We need a LEFT OUTER JOIN here because we want to be sure we get posts back even if they have 0 comments.

Also note the group here. Without this, we’d get 1 post record back for each comment and we’d end up with duplicates because posts have many comments!

posts = Post.left_outer_joins(:comments)
            .select(select)
            .group("posts.id")

posts.find_each.with_object({}) do |post, h|
  h[:post_id] = {}
  h[post.id][:ninety_days]  = post.ninety_days
  h[post.id][:thirty_days]  = post.thirty_days
  h[post.id][:fifteen_days] = post.fifteen_days
end

Ok, great! We’ve solved the problem of counting the going back to the database to count the comments.
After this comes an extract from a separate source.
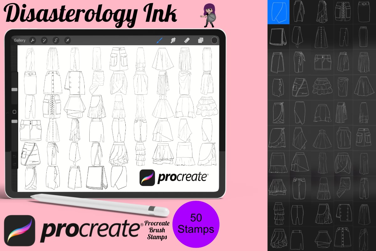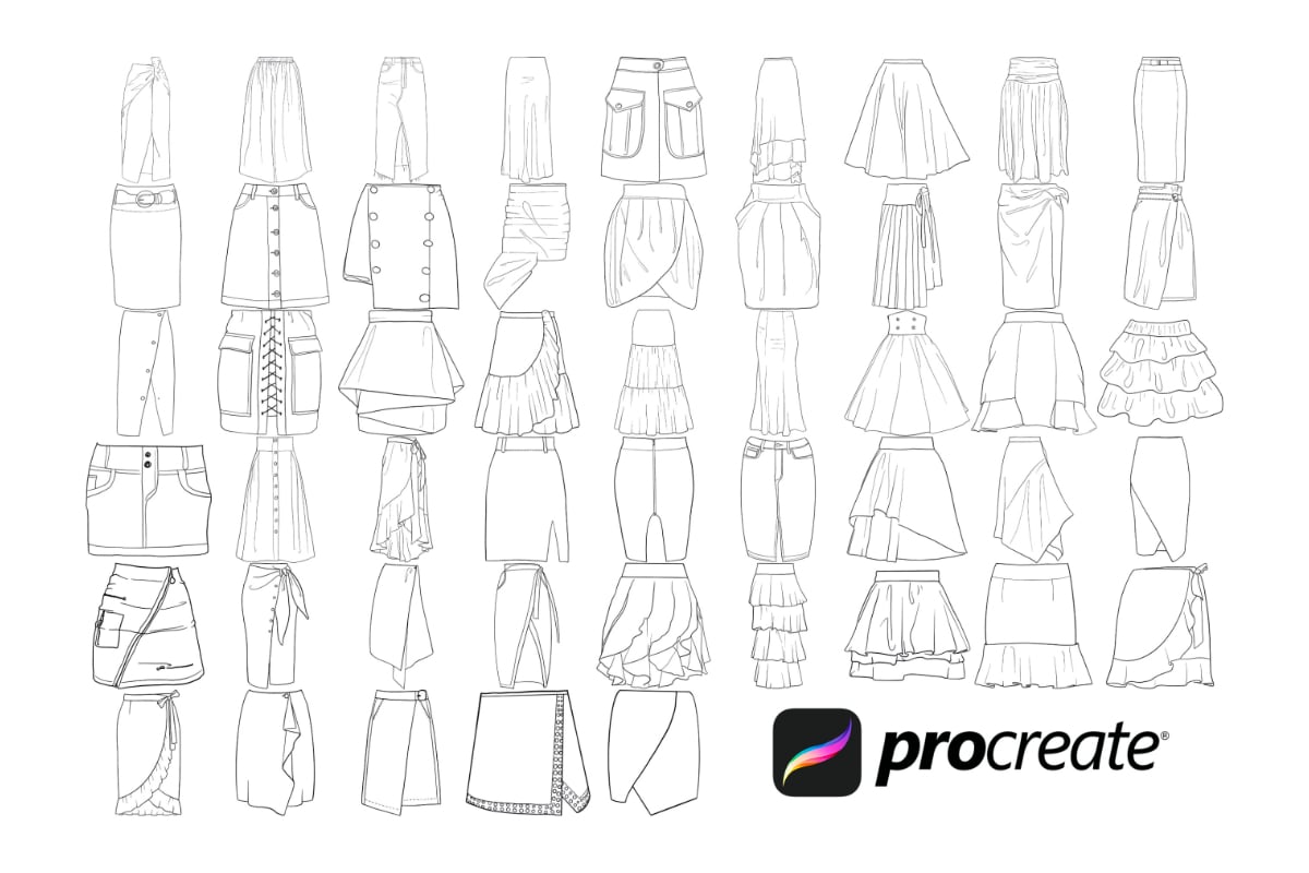 Skirts Clothing Procreate Brush Stamps, 50 Skirt Stamps
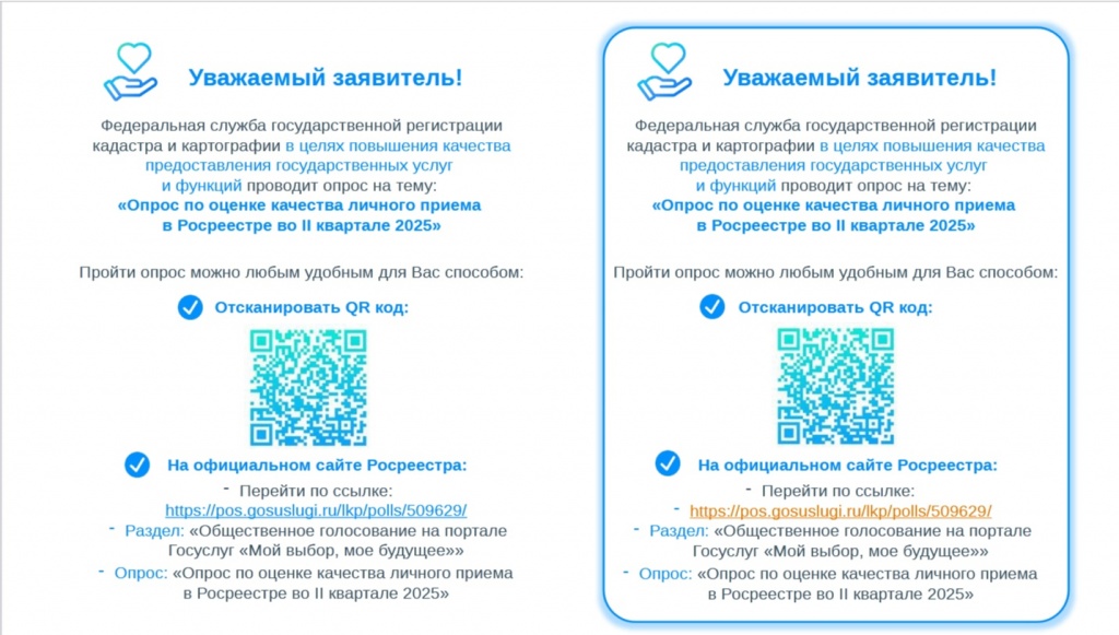 Росреестр приглашает пройти опросы. Росреестром размещены: «Опрос по оценке качества работы с обращениями граждан в Росреестре во II квартале 2025» и «Опрос по оценке качества личного приема в Росреестре во II квартале 2025».

Now we just do one query that returns a count for us.

Did you know that when you add SELECT … AS my_select, ActiveRecord will add a method for that attribute to the object returned? That’s why post.ninety_days works in the code above. I thought that was pretty handy.
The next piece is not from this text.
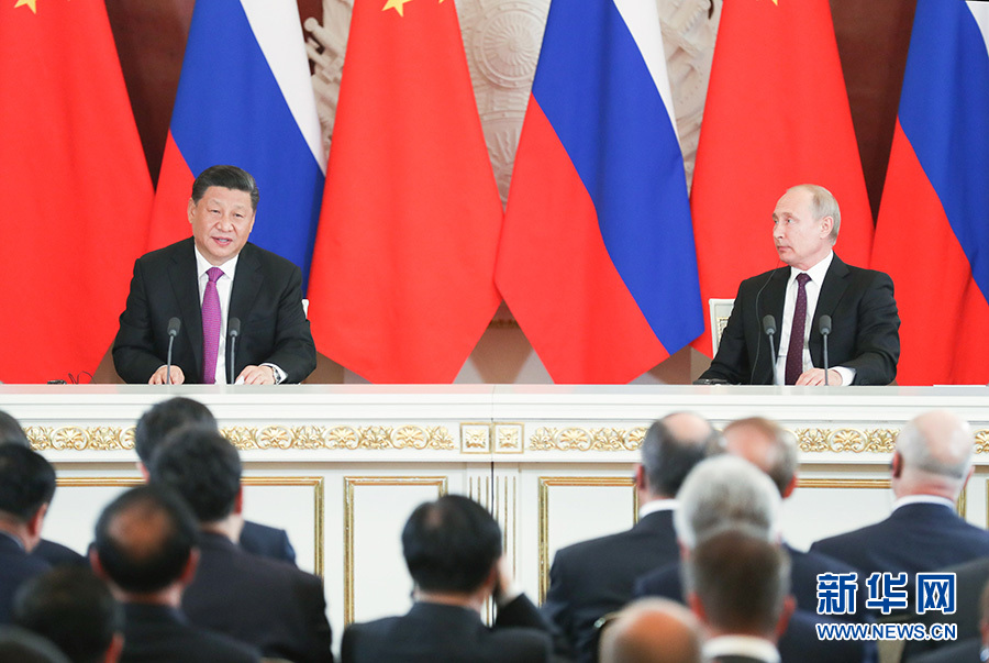 6月5日,國家主席習(xí)近平在莫斯科克里姆林宮同俄羅斯總統(tǒng)普京會(huì)談。這是會(huì)談后,兩國元首共同會(huì)見記者。 新華社記者 姚大偉 攝
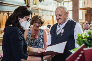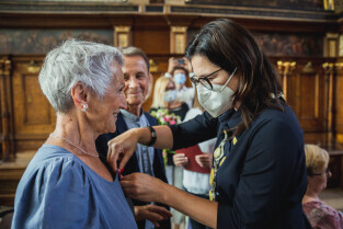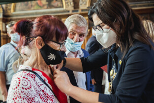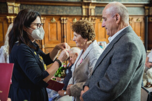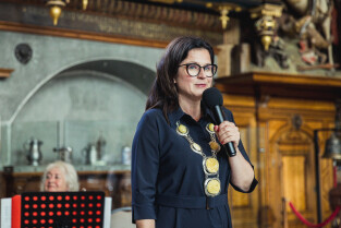 Złote Gody - jubileusz par małżeńskich. Gdańsk, Dwór Artusa. Nz. Prezydent Gdańska Aleksandra Dulkiewicz

I’m still not comfortable with this end result though. We’re loading records into ActiveRecord when all we need from them is the count data and the post id.

exec_query to the rescue!

exec_query returns a hash of the column names and values you asked for. This lets you skip active record entirely!
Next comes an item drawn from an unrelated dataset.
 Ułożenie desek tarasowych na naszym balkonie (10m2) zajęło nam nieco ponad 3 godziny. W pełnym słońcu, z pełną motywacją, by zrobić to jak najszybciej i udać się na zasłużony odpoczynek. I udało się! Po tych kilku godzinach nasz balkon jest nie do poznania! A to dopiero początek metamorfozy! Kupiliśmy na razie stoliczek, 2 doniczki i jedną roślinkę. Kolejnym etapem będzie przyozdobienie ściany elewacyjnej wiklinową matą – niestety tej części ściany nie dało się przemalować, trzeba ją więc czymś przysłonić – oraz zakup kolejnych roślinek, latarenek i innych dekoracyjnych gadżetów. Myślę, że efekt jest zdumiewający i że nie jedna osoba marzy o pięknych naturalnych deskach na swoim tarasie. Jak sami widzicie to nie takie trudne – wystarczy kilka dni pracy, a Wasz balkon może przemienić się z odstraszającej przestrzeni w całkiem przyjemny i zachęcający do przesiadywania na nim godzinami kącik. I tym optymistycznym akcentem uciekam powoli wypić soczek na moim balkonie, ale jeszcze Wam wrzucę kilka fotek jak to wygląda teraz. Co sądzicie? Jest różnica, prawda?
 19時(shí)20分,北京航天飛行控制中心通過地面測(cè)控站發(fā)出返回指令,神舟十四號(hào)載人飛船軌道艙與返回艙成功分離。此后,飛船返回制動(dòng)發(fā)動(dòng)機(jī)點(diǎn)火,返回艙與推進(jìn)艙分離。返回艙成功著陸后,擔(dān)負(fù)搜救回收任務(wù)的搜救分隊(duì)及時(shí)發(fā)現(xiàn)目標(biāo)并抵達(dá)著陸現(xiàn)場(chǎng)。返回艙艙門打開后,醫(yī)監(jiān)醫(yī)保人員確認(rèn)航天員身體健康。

query = Post.left_outer_joins(:comments)
            .select(select)
            .group("posts.id")
            .to_sql
result = Post.connection.exec_query(query)
# => [{ "id"           => 1,
#       "ninety_days"  => 190,
#       "thirty_days"  => 67,
#       "fifteen_days" => 14 }...]

result.map!(&symbolize_keys!).group_by(&:id)
# =>
# { 1 => { ninety_days: 190,
#         thirty_days:  67,
#         fifteen_days: 14 },
#  2 => { ninety_days:  583,
#         thirty_days:  392,
#         fifteen_days: 83 }

Yay! We got the same result and look at how little code it is! If you’re querying a big dataset, this will save to all kinds of time!

Wrapping Up

If you need to retrieve data from the database, but don’t need any of the functionality of your models, use exec_query to skip ActiveRecord and speed things up a bit.

If you do need ActiveRecord, then you can add additional attributes to the object you get back by passing SQL into the select method and naming giving it a name with AS.

For queries that have complex joins, or ones that you might need to build programmatically, relying on ActiveRecord might get difficult. Take a look at Arel, a library that forms the abstract syntax tree manager behind ActiveRecord, for situations like this.